Restate all of the records below exactly. Do not carry over any image.

### [INPUT FOR THIS TASK]
====

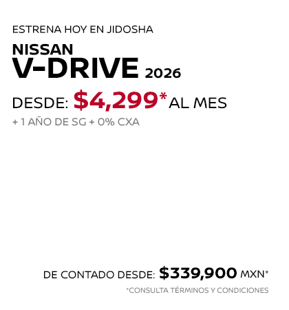 * Nissan Mexicana, S.A. de C.V. puede modificar en cualquier momento y sin previo aviso esta información, consulta disponibilidad, términos y condiciones con tu Distribuidor Autorizado Nissan. La información proporcionada en el piso de venta del distribuidor autorizado Nissan, se entenderá como la correcta, veraz y final. ** Las imágenes son únicamente de referencia, algunas versiones no se encuentran disponibles en México o pueden cambiar según la versión. Consulta nivel de equipamiento y disponibilidad por versión en tu Distribuidor Autorizado Nissan.
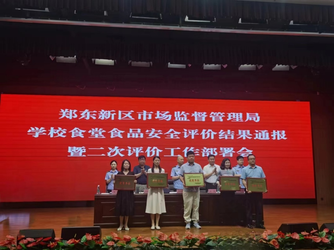 近日,从郑东新区市场监督管理局传来喜讯,在郑东新区开展的286家食堂食品安全评价工作中,完美官网龙子湖校区5个食堂以示范成绩成功通过评估,成为郑东新区唯一进入前10名次获评“优秀单位”称号的高校,并在大会上受到表彰。
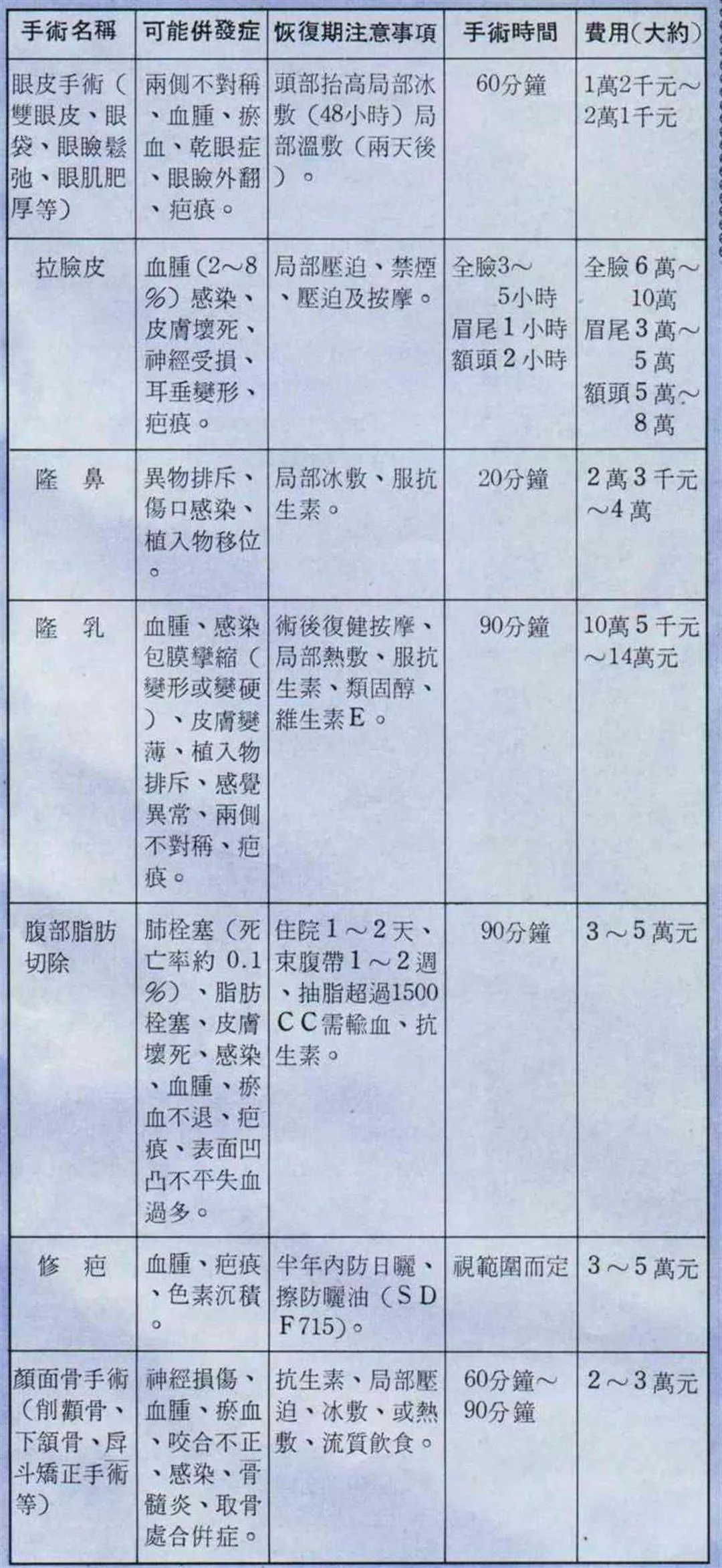 四十出頭、在高中教書的黃老師也有著相同的困擾。去年她做拉皮手術,後來發現左眼上方拉得太緊,有點「吊梢」,為此只好再去做眼皮整形。有些患者三、五年內動過大大小小、不下五次的美容手術,倒不是自己「上癮」,而是每次都有多多少少的不完美,一不做二不休,只好一次次忍受挨刀之苦。
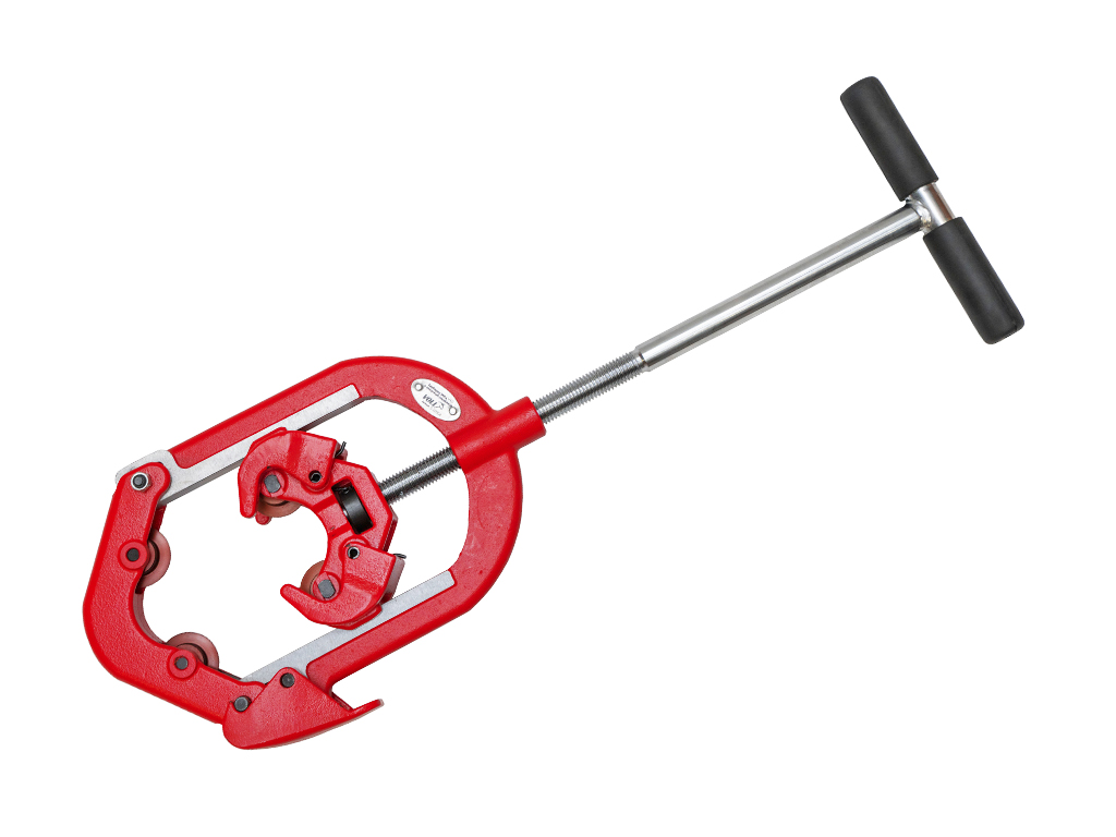 - Благодаря четырем специальным роликам труборез с легкостью режет сталь, а так же нержавеющую сталь, литую и кованную сталь.
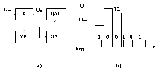 Рисунок 3 – Структурная схема (а) и временная диаграмма (б), поясняющая работу кодо-импульсного ЦВ поразрядного уравновешивания
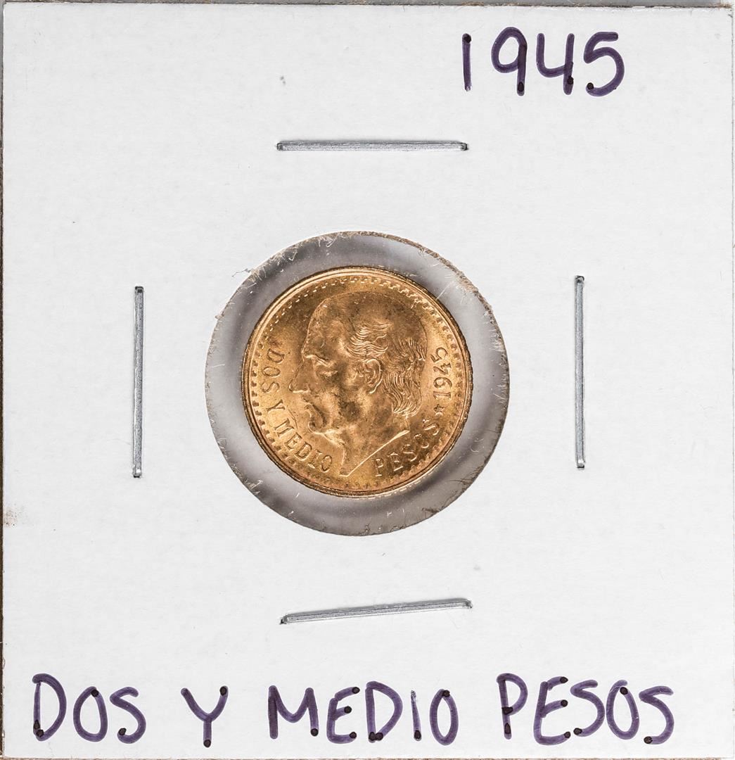 One 1945 Mexico Dos Y Medio Pesos Gold Coin.
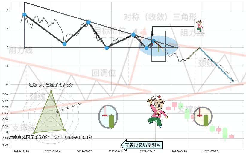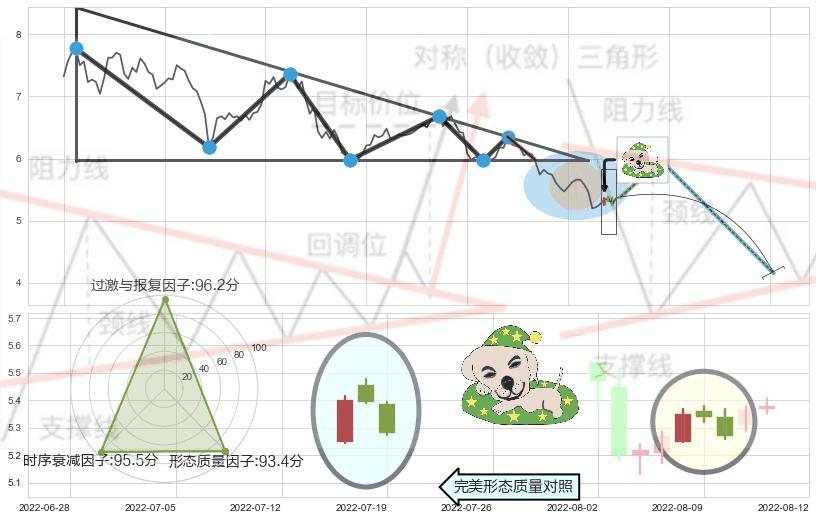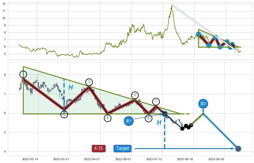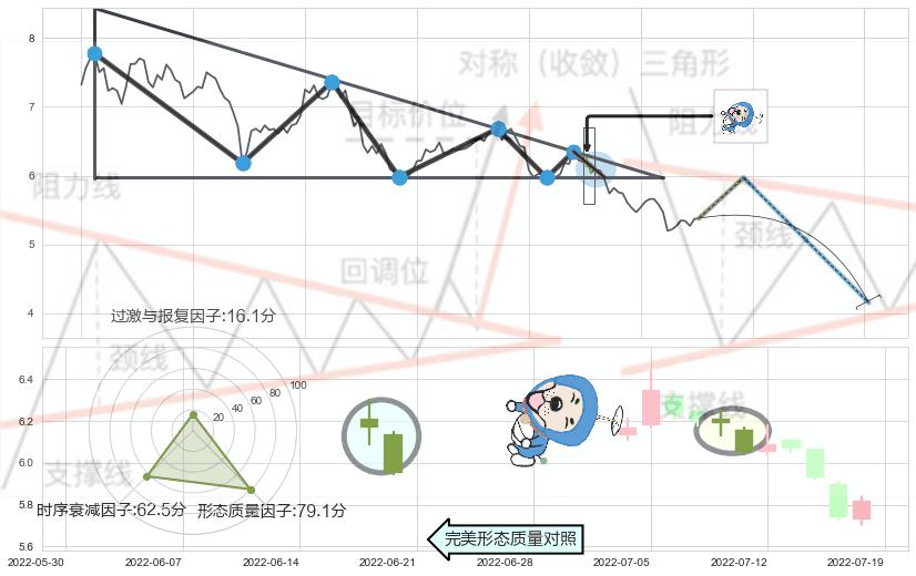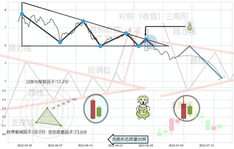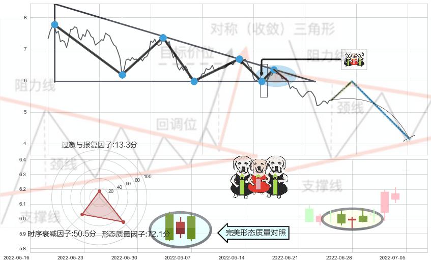 ➢ 【多方力量耗尽,空方打破攻守平衡点】下降三角形中继整理, 已在2022-07-14突破【支撑】颈线 5.97 →演变成下降通道

====

### [TASK RESPONSE]
 * Nissan Mexicana, S.A. de C.V. puede modificar en cualquier momento y sin previo aviso esta información, consulta disponibilidad, términos y condiciones con tu Distribuidor Autorizado Nissan. La información proporcionada en el piso de venta del distribuidor autorizado Nissan, se entenderá como la correcta, veraz y final. ** Las imágenes son únicamente de referencia, algunas versiones no se encuentran disponibles en México o pueden cambiar según la versión. Consulta nivel de equipamiento y disponibilidad por versión en tu Distribuidor Autorizado Nissan.
 近日,从郑东新区市场监督管理局传来喜讯,在郑东新区开展的286家食堂食品安全评价工作中,完美官网龙子湖校区5个食堂以示范成绩成功通过评估,成为郑东新区唯一进入前10名次获评“优秀单位”称号的高校,并在大会上受到表彰。
 四十出頭、在高中教書的黃老師也有著相同的困擾。去年她做拉皮手術,後來發現左眼上方拉得太緊,有點「吊梢」,為此只好再去做眼皮整形。有些患者三、五年內動過大大小小、不下五次的美容手術,倒不是自己「上癮」,而是每次都有多多少少的不完美,一不做二不休,只好一次次忍受挨刀之苦。
 - Благодаря четырем специальным роликам труборез с легкостью режет сталь, а так же нержавеющую сталь, литую и кованную сталь.
 Рисунок 3 – Структурная схема (а) и временная диаграмма (б), поясняющая работу кодо-импульсного ЦВ поразрядного уравновешивания
 One 1945 Mexico Dos Y Medio Pesos Gold Coin.
 ➢ 【多方力量耗尽,空方打破攻守平衡点】下降三角形中继整理, 已在2022-07-14突破【支撑】颈线 5.97 →演变成下降通道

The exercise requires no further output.